* **TASK PROMPT**
Your answer must be the lines from the one containing "[4] انظر عن" through the last line below, copied exactly, with no pictures.

┄┄┄┄┄┄┄┄┄┄┄┄┄┄┄┄┄┄┄┄

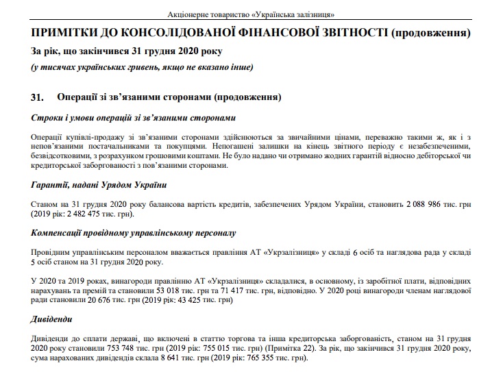 В 2020 и 2019 годах вознаграждения правлению АО "Укрзализныця" состояли в основном из заработной платы, соответствующих начислений и премий и составляли 53 018 000 грн и 71 417 000 грн соответственно. В 2020 году вознаграждения членам наблюдательного совета составили 20 676 000 грн (2019 год: 43 425 000 грн), - говорится в отчете "Укрзализныци".
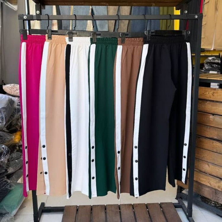 شلوار نیم بگ نوار دار کرپ مازراتی درجه یک در رنگ بندی متنوع سایز 38 تا 50 قد 100
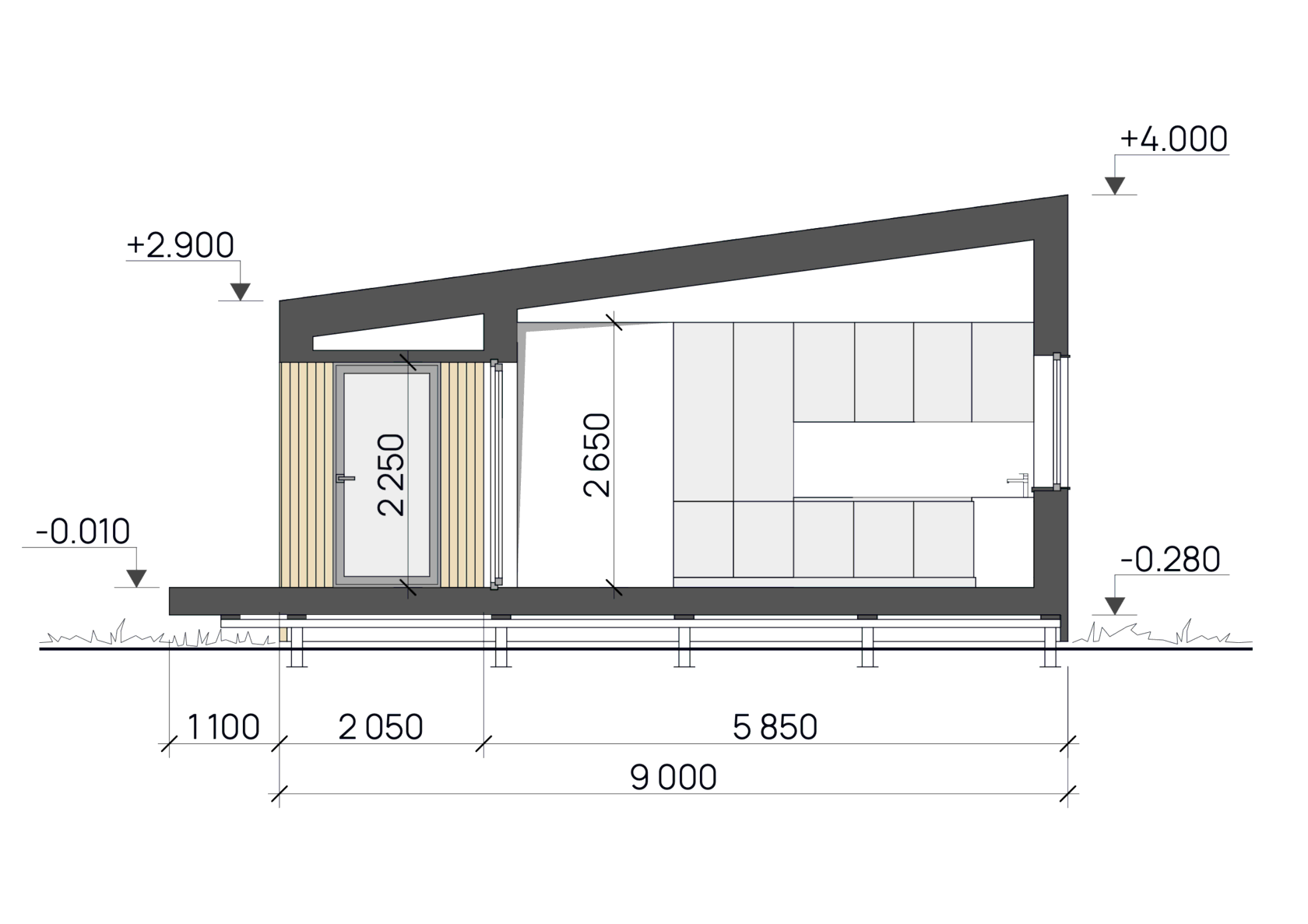 Конструкции модулей предполагают заводское изготовление. Инженерные сети проложены в пространстве панелей стен и перекрытий, на площадке выполняется только сборка и подключение.
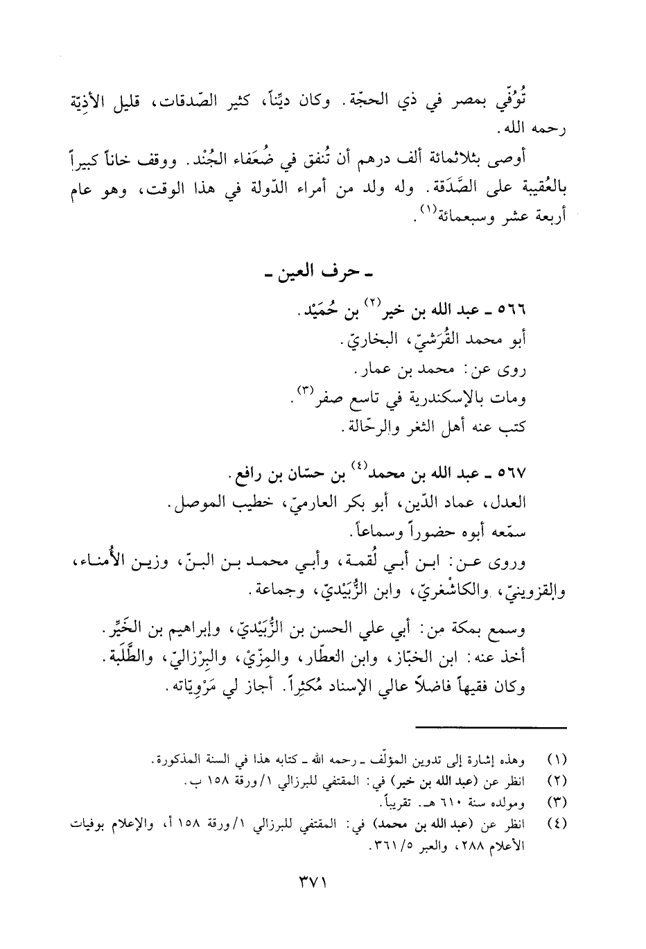 [4] انظر عن (عبد الله بن محمد) في: المقتفي للبرزالي 1/ ورقة 158 أ، والإعلام بوفيات الأعلام 288، والعبر 5/ 361.
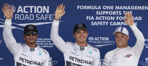 LÁder do campeonato, o britânico Lewis Hamilton completa a dobradinha da Mercedes. A dupla da Williams, o finlandês Valtteri Bottas e o brasileiro Felipe Massa dividem a segunda fila.
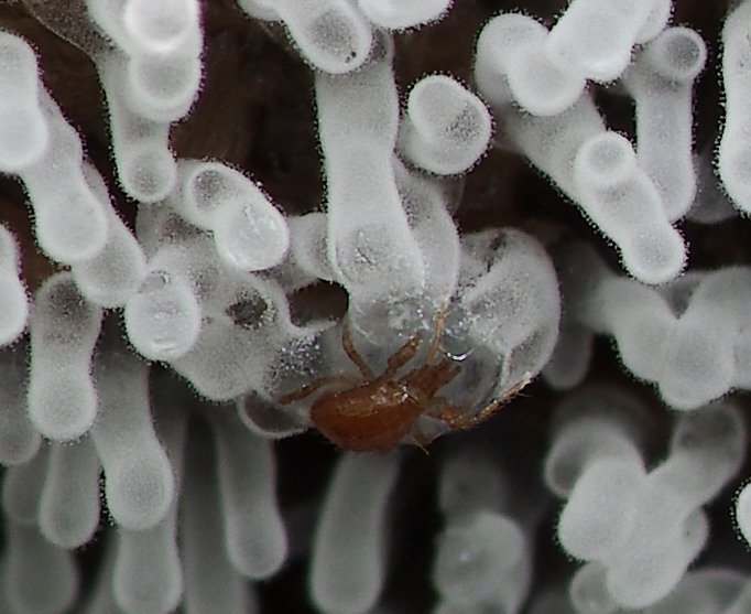 Zebra: Ощущение, что могут переваривать насекомых тоже есть. Однако про миксомицеты пишут, что активно питаются (да и вообще - просто питаются) они только на стадии плазмодия, когда быстро набирают массу. Потом, когда появляются спорангии - уже "на диете". Так что здесь, скорее всего, клещик просто нарушил тонкую оболочку свежего плодового тела и увяз - выбраться не может.

┄┄┄┄┄┄┄┄┄┄┄┄┄┄┄┄┄┄┄┄

* **RESPONSE AREA**
 [4] انظر عن (عبد الله بن محمد) في: المقتفي للبرزالي 1/ ورقة 158 أ، والإعلام بوفيات الأعلام 288، والعبر 5/ 361.
 LÁder do campeonato, o britânico Lewis Hamilton completa a dobradinha da Mercedes. A dupla da Williams, o finlandês Valtteri Bottas e o brasileiro Felipe Massa dividem a segunda fila.
 Zebra: Ощущение, что могут переваривать насекомых тоже есть. Однако про миксомицеты пишут, что активно питаются (да и вообще - просто питаются) они только на стадии плазмодия, когда быстро набирают массу. Потом, когда появляются спорангии - уже "на диете". Так что здесь, скорее всего, клещик просто нарушил тонкую оболочку свежего плодового тела и увяз - выбраться не может.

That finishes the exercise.